Wir reden, sie erzählt, bis ich frage, ob wir unser Begegnen nicht bei einem Kaffee fortsetzen wollen.

Ja, schon.

Ich denke, das Büro kann warten und schlage deshalb das «Café du Bonheur» vor, da wo ich schon so viele gute Momente verbrachte.

Aber …

Ich versichere, dass ich einen frei gestaltbaren Tag vor mir hätte. Und erwähne noch, ich sei stolz, dass mir dies auch sonst über weite Strecken gelinge.
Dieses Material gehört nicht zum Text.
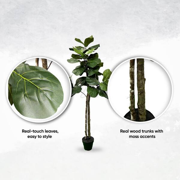 Handmade 5 ft. Artificial Fiddle Leaf Fig Tree in Home Basics Plastic Pot Made with Real Wood and Moss Accents
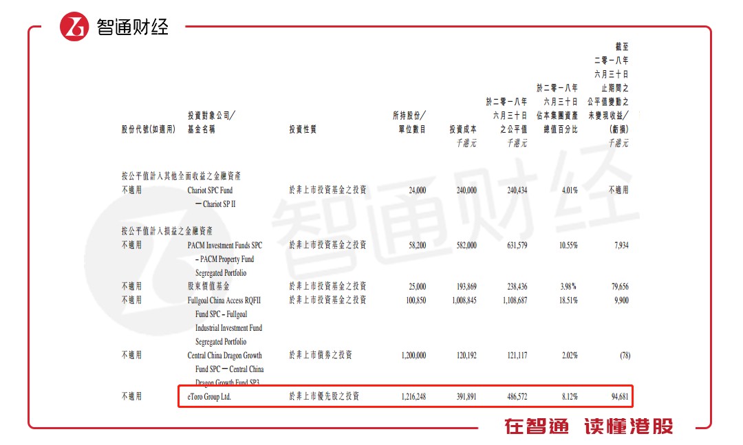 值得一提的是,中民金融的重大投資中,其于今年4月份才投資的eToro,截至2018年上半年期間的公平值變動未變現(xiàn)損益為9468萬港元,而該項投資僅占其資產(chǎn)總值的8.12%。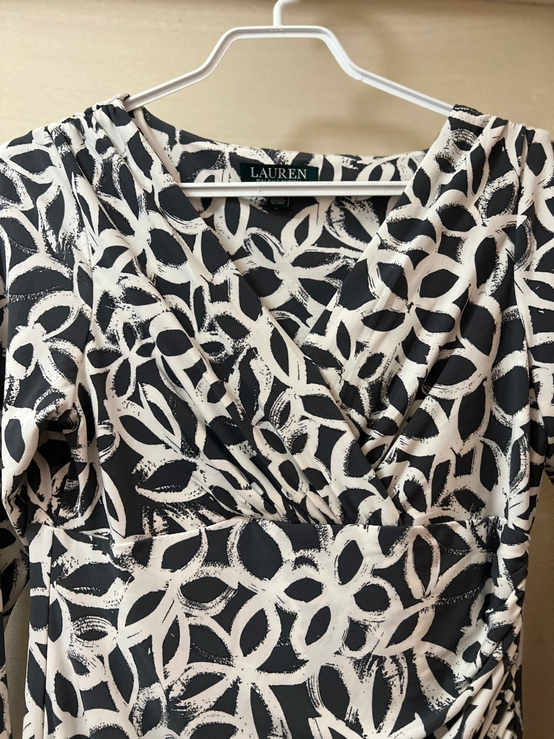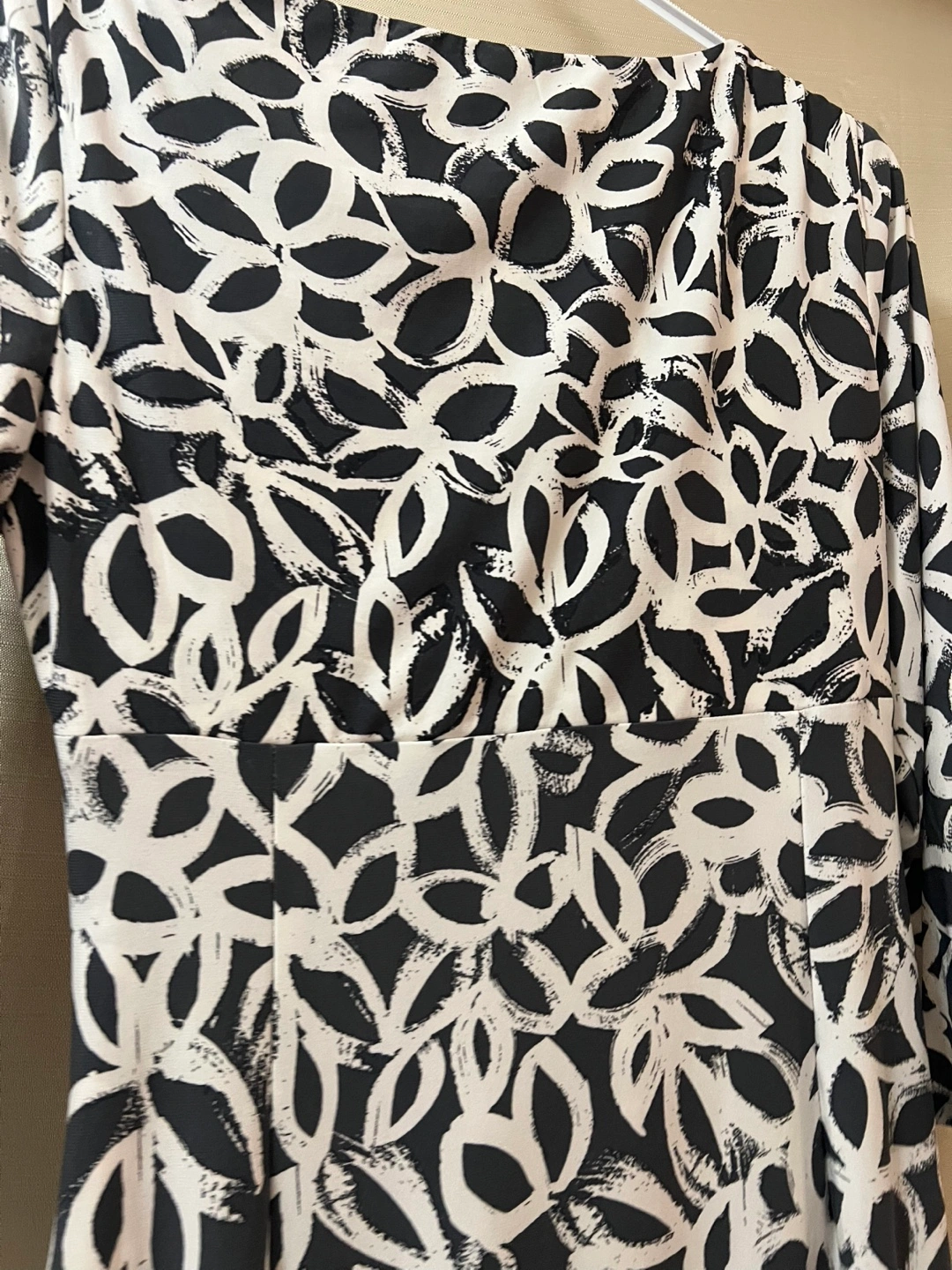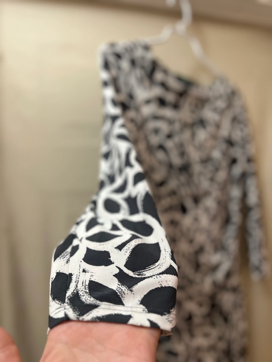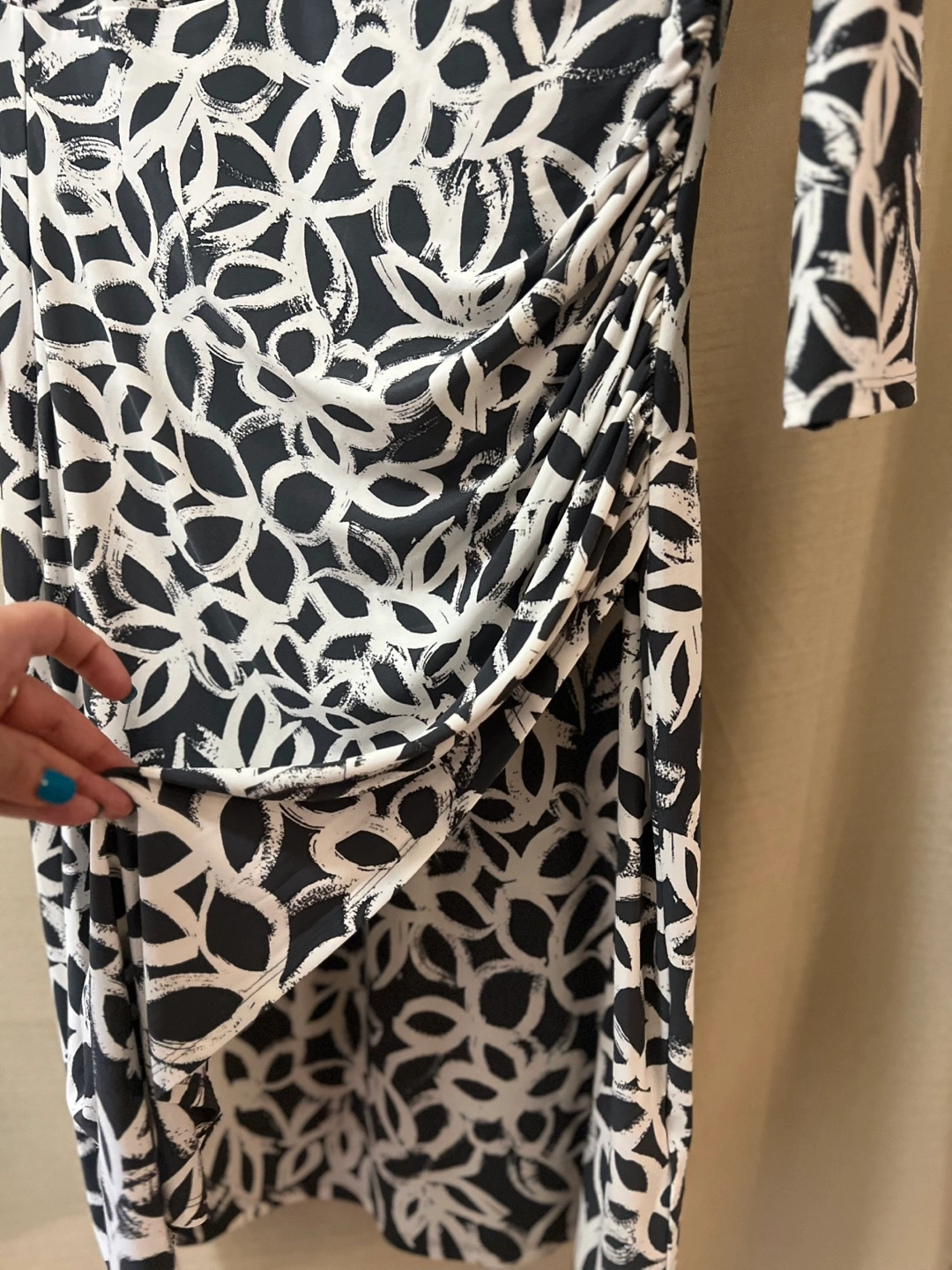 Beautiful grey and white abstract print dress. Three-quarter sleeves. V-neck. Ruched detail at the waist. Size 8. Ptp- 17.5 Length- 37 Arm- 18.5 Waist- 14.5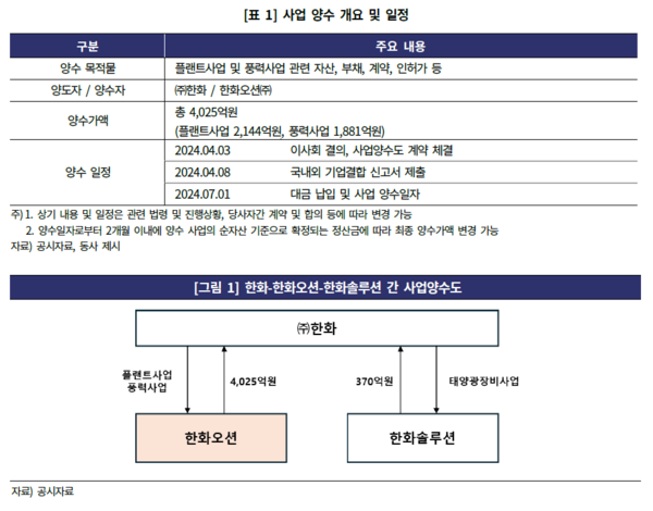 한화오션(BBB/Stable; 이하 '동사')이 그룹 내 플랜트·풍력사업 양수 계획을 발표했다. 양수 대상은 ㈜한화가 영위하고 있는 플랜트사업과 풍력사업에 관련된 일체의 자산 및 부채, 계약·인허가 등이고, 양수 금액은 총 4,025억원(예정)이다. 2024년 4월 3일 양사는 이사회 승인과 함께 사업양수도 계약을 체결하였고, 7월 1일을 사업 양수일자로 대금 납입이 완료될 예정이다.

Beim Kaffeetrinken definieren wir «Sinnstiftendes» als etwas, das nur den eigenen Ansprüchen genügen sollte. Und kommen, als wir mein Einfinden in ein Leben ohne den von aussen vorgegebenen Strukturen thematisieren, zum Schluss, dass ein weitgehend struktur-reduziertes Leben nicht heisst, sich mit Aktivismus zuzudecken.

Wir sind uns einig, dass es bei all den schwindelerregenden Möglichkeiten – um im Jargon zu bleiben – schwierig ist, selektiv zu bleiben, da es bestimmt um einges einfacher wäre, weisse Seiten einzuschwärzen. Aus dem Nichts entwickeln wir die Idee einer Agenda bestehend aus Terminblättern, die bloss umrandet sind – also mit herausgeschnittenen Flächen.

An diesem Gedanke gefällt uns die Vorstellung, dass der Rahmen um Leere, Räume schafft für eine eigene, sinnige (eigensinnige) Farbigkeit.